During the 1880s and 1890s, there was a revival of the Romanesque style of architecture. Robert commissioned architect Warren Heywood Williams of Portland, Oregon to design Craigdarroch Castle. Williams’s colleague Arthur L. Smith completed the project when he passed away. What became known as the “Richardsonian Romanesque” style can be seen throughout the castle. 11th and 12th century southern French, Spanish and Italian Romanesque characteristics are incorporated into this style.
From the outside, the castle reminded me of a fairytale castle with the turrets, almost ‘Walt Disneyesque’. Walking around I felt an air of mystery about the place, not in a spooky way, but that there was a lot to explore, even beyond what the public was allowed to see.
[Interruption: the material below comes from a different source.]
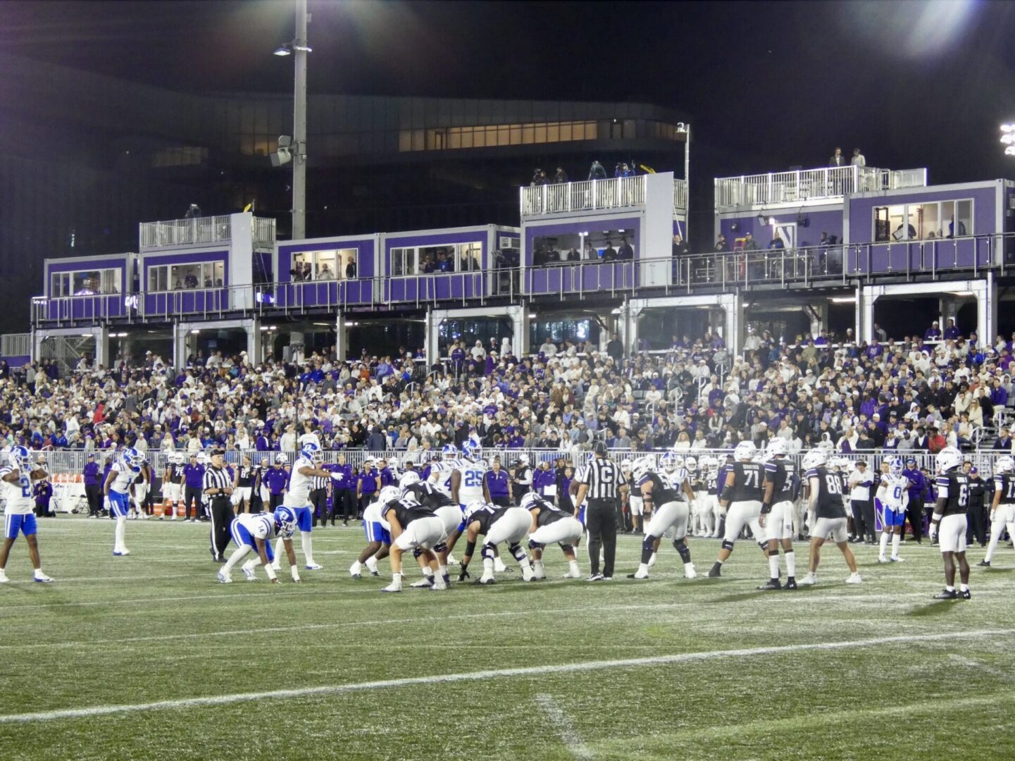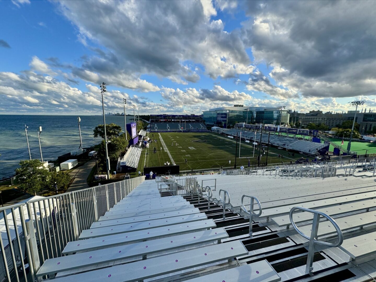 Ryan Field, the 98-year old home of the Wildcats, has been demolished. While Northwestern fans wait for the new version of Ryan Field to be completed in 2026, a unique temporary home has been constructed along the shoreline of Lake Michigan. The intimate 12,000 seat Martin Stadium offers picturesque views of Chicago’s skyline against the waters of this famous Great Lake. Tonight’s battle against Duke is the venue’s first prime time event.

I found it sad that the contents had been auctioned off but was delighted to discover that some pieces of furniture were original to the house, like the table and chairs in the dining room. I loved the grandness and opulence of it, it reminded me of Kylemore Abbey in Connemara. I kept imagining what it must have been like to live and work there, with the hustle and bustle of entertaining and holding dances and how everything had to be just so. Downton Abbey sprung to mind also. It was nice to view the servants’ rooms at the top to learn what life was like for them. I was in awe of the work that the conservationists and restorers put into maintaining the building. What sticks for me from the visit is the frame in the dance hall with the beautiful fans and the dance cards with gentlemen’s’ names written on them. There was stiff competition among ladies to get as many names on their card as they could by the end of the night.
Need To Know
The castle is situated at 1050 Joan Crescent, Victoria, B.C. V8S 3L5. From Downtown Victoria it’s about a 35 minute walk. The castle is open daily from 10am – 4.30pm with extended opening hours from 15th June to 6th September, 9am to 7pm. Admission is $13.95 per adult. Once you’ve paid you’ll receive two leaflets, one a map and the other a history of the castle and you’ll be asked to clean your shoes on the shoe cleaner before entering the main hall. Once you enter the main hall there’s a guide waiting to welcome you. They will give a brief explanation of the castle and what’s permitted and not permitted. The tour is self-guided but there are volunteers dotted around the place if you have any questions. They’re super friendly and very knowledgeable. Oh, and photographs are allowed.
Craigdarroch was a fascinating castle for me in terms of history and architecture. Have you been to Craigdarroch Castle? If you have, what did you think of it?